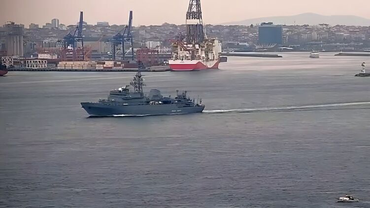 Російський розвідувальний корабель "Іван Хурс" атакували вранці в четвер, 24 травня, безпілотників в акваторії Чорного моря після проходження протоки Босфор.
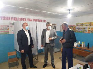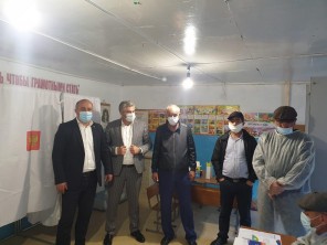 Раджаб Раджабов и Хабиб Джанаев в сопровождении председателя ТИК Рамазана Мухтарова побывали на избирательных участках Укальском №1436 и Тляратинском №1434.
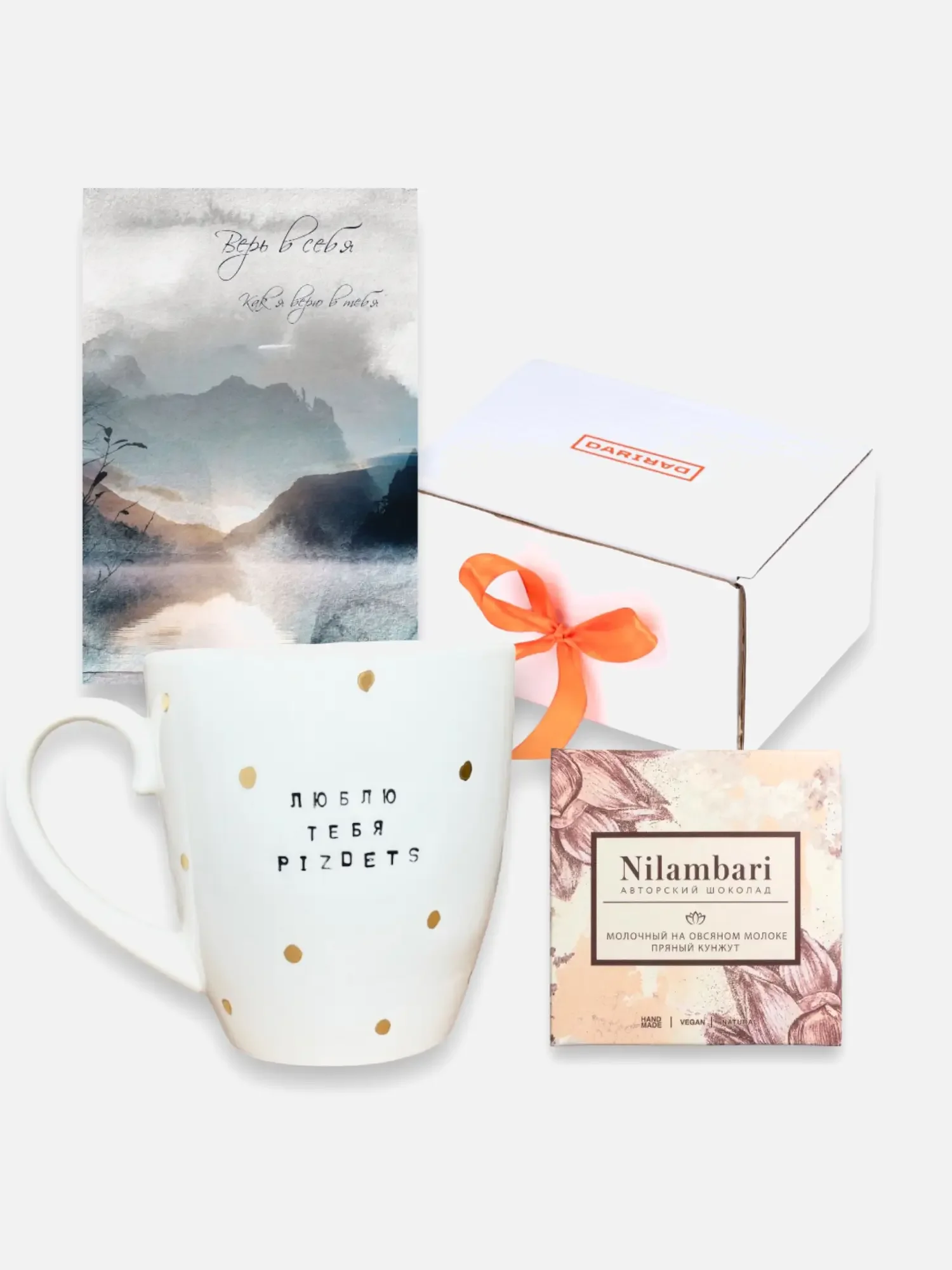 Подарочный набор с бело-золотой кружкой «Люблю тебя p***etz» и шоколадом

TASK OBJECTIVE:
With pictures excluded, copy exactly the lines from the line containing "Раджаб Раджабов и" through the last line of the listing above, both ends included.

EXERCISE ANSWER:
 Раджаб Раджабов и Хабиб Джанаев в сопровождении председателя ТИК Рамазана Мухтарова побывали на избирательных участках Укальском №1436 и Тляратинском №1434.
 Подарочный набор с бело-золотой кружкой «Люблю тебя p***etz» и шоколадом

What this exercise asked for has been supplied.